One of our biggest risks to achieving our long-term vision, however, is operational risk. This includes land and growth space to conduct our work and aging infrastructure. Over the next few years, I will be devoting significant energy looking to renew our land infrastructure and to build additional growth space to ensure our programs are successful for the next 50 years. We simply do not have enough for continued growth. Programs have been added to the CDC in recent years, like the forage breeding program managed by Bill Biligetu. We have new research activity in agronomy that requires additional space. Infrastructure is aging, and we need to expand that component of the CDC so we can to keep doing what we do.
Germination. What’s No. 3?
CP: Managing the CDC brand is my third priority. The CDC is a household name on the Prairies, largely because our varieties have made a difference to producers’ operations. As I move forward I want to better position, communicate and celebrate the role of the CDC.
Germination: For you, what does the CDC brand encapsulate?
CP: The CDC is a unique place — we have all the components along the innovation pipeline from knowledge creation to translation of science into products in demand by the industry. We are well integrated into the university, the College of Agriculture and Bioresources and its productive departments. Within this space, there’s a discovery research component that generates knowledge, research capacity to validate science and in the CDC, to translate innovation into field-ready varieties, which constitutes the delivery component.

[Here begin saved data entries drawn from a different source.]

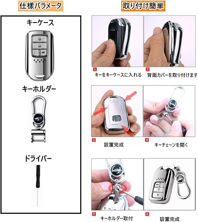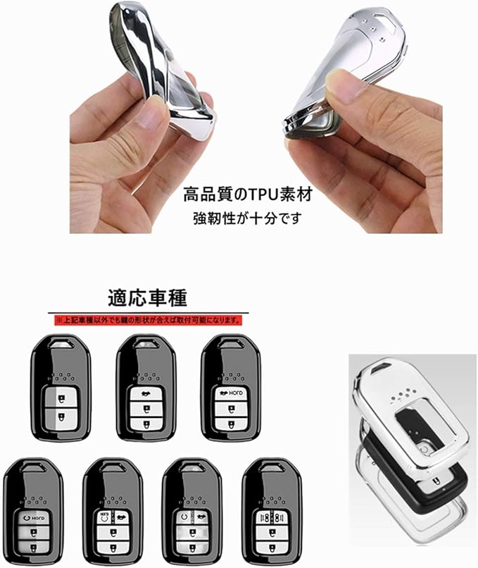 【上質な材料】:ホンダ スマートキーケースにはTPU素材を採用しており、シリコンよりも固く、ハードケースより柔らかい弾力性のある素材です。つやつやした表面で曲げても割れない新素材です。TPU素材のキーケースはオイル耐性、耐水性、カビ耐性、防塵性があります。自動車の鍵を腐食や破壊からしっかり守られ、鍵の形状を保つことができる。 万が一、鍵が落ちた時、キーケースも鍵が壊されないように保護することができて、着地緩衝の効果があります。手触りが非常に柔らかい。さらに高級感が溢れます。素材・造りの良さで多くの皆様に高く評価いただいています。愛車の専用設計でフィット感抜群です。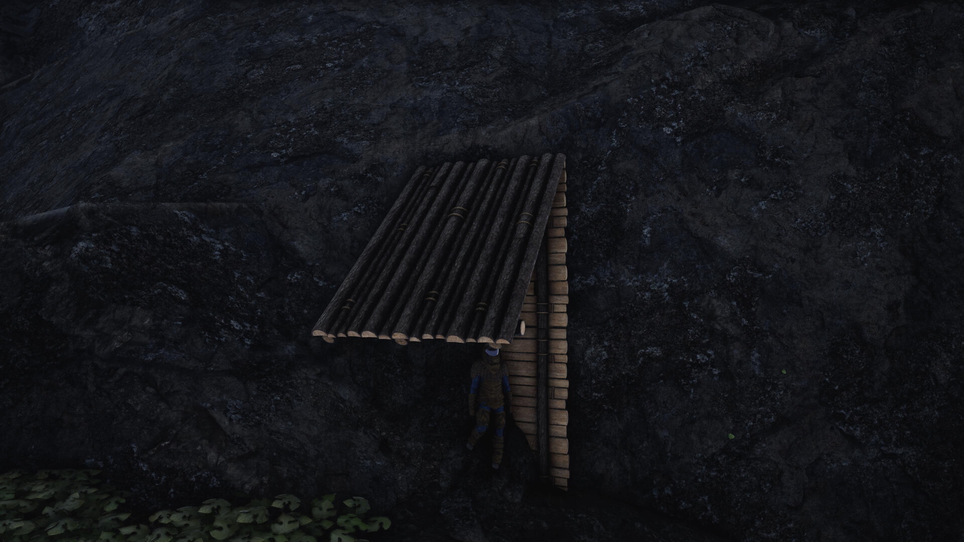 - If you can’t find a cave and you don’t want to use up a lot of resources, you can just have one wooden roof. This can be built adjacent to a mountain, though there are times when it’d crumble due to texture overlap. If this occurs, you can just plop down a couple of wooden walls, then select the wooden roof and rotate it. If placed at an angle, you can stay under the roof and avoid suffering from exposure to the harsh elements (seen in the image below).
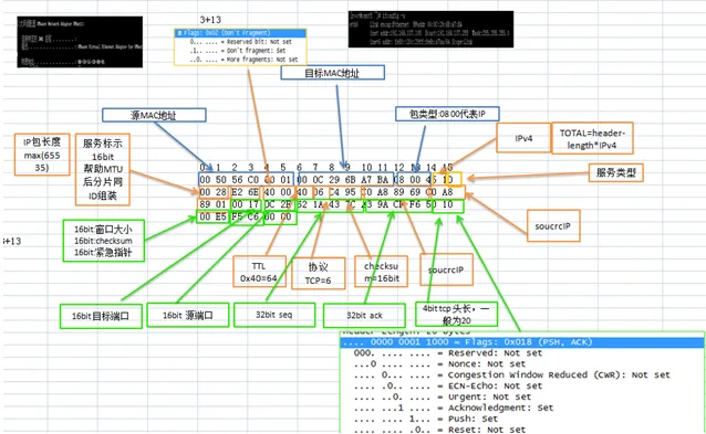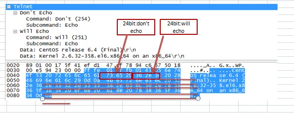 先举例TELNET包,直接上图,不废话。蓝色为二层帧,橙色为三层包,绿色为四层包。四层包大坑在于包长会变。
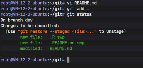 在 dev 分支环境下,对工作区的 README 文件进行修改,模拟开发过程。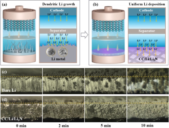 圖5.Li+在CC/Li/Li3N電極上的傳輸機(jī)理示意圖及原位光學(xué)顯微鏡觀察鋰沉積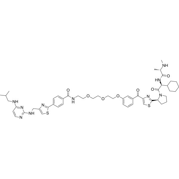 C[C@@H](C(=O)N[C@@H](C1CCCCC1)C(=O)N2CCC[C@H]2C3=NC(=CS3)C(=O)C4=CC(=CC=C4)OCCOCCOCCNC(=O)C5=CC=C(C=C5)C6=NC(=CS6)CNC7=NC=CC(=N7)NCC(C)C)NC

I believe it is this integration of the CDC into a multidisciplinary research organization that has contributed to its success. There is also a major training component at the CDC, where our faculty contribute to teaching, graduate student training, and leading large international genomics-related research projects. All of these things need to be encompassed in our brand. The CDC is indeed a unique place that integrates the whole innovation pipeline from basic discovery research to delivery of product to farmers’ fields, and this needs to be communicated in our brand.
Germination: A lot has changed with regard to public breeding as shifts occur within the industry and government resources get reallocated. New funding mechanisms are being proposed like the Variety Use Agreement (VUA). Regulatory modernization is beginning. What’s your stance on some of these proposed mechanisms for funding both public and private breeding?
CP: It is our vision to be leaders in public breeding and we will continue to be heavily engaged in that space. We work on a large array of crop kinds at the CDC and a one-size-fits-all approach for funding may not work. Our strategy will be a flexible one, encouraging a balanced portfolio of investment from across the value chain. There is no doubt the industry is evolving and will surely look different in future years, but we have seen change before, and I believe our flexible approach has allowed us to adapt our vision and strategies to take advantage of new opportunities. Policy and modernization should be driven by the value chain and I believe the role of the CDC should be to support policy through a scientific, data-driven approach. With a lot happening, we’re still planning to be leaders and an important part of that value chain, and the CDC will continue to adapt to meet the needs of the industry.